In accordance with this arrangement, the Master and the artist, with Powell and Conway, prepared themselves for the day, and set out on their enterprise of discovery. The heavens seemed to favor us, for we had scarce yet filed into the stream, when the sun broke through the vapor of the valley and lit up the windings of the little river, until it shone all resplendent of gold, and amber, and snow-white foam. It was as if some celestial light had suddenly illumined the dripping and cheerless Canaan, and we went

"On our way attended

By the vision splendid."

Some short distance below the camp, when in the middle of a small, grassy island, we saw a large doe standing about fifty yards below us, among a group of rocks in the middle of the stream, where she was browsing upon the moss. Presently she saw us, and raised her head, standing motionless and lost in wonder-irresolute as Ariadne when she was about to fly.

"She has fawns," whispered Powell, "back in the laurel, and has left them for a while, to come down into the river to drink, and eat the moss upon the rocks."

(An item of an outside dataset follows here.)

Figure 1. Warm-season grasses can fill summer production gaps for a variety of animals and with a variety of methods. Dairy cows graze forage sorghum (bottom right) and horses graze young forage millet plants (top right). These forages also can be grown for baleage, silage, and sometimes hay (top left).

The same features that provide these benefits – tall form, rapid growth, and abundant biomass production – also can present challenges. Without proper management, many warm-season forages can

"Don't stir," whispered Conway. "Keep still as

you can, till I go back to the camp and get my rifle. It's an elegant shot!"

The Master clapped his hands, and the deer bounded in about two leaps to the bank of the river, and disappeared—vanished.

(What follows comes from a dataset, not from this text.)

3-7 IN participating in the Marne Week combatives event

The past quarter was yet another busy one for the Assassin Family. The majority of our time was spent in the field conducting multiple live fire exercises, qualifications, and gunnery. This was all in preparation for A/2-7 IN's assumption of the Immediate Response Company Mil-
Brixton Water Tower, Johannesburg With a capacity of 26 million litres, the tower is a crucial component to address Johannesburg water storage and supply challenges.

"No, Conway," said the Master, "you wouldn't kill that beautiful creature, in cold blood!"

"We hunters," replied the old forester, in some amazement, "don't think about their beauty, Mr. Philips; it's their meat we look at.”

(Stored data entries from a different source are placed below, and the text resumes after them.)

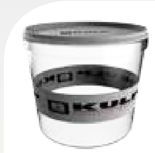
One side /top side labeling
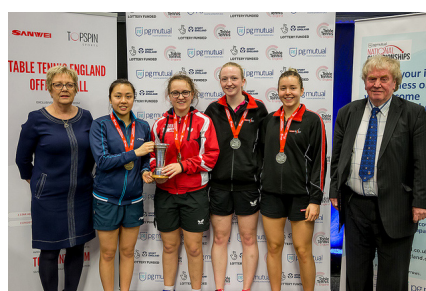
Womens Doubles Medal Presentation
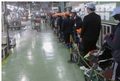
Careful attention to safety during plant tours

The three plants in total receive 6,000 elementary school students from 90 schools each year.
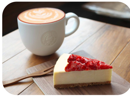
Strawberry Cheese Cake

"It's as well not to have shot it, Conaway," said Powell. "She has fawns over there in the laurel." "How do you know that?" asked the Signor. "Why, come down to the place, and I'll show you."

We moved down to the rocks and halted. "You see," said Powell, "here are the tracks of that deer coming into the water, and here they are going out. That shows, you see, that she went out the same way she came in.”


"You observed she turned round to jump out of the river."


"Well, we hunters reason from this, that she must have fawns over here in the laurel, or she would have taken out on the other side which was natural, as she was standing with her head that way. What made her turn to get out the same way

she came in? Something turned her; and as it is about the time now they have their fawns, I say it was to get back to them.'

"The reasoning's good," replied the Signor.

"I am satisfied," observed the Master, "and have learned a little more of the lore of the forest than I knew before."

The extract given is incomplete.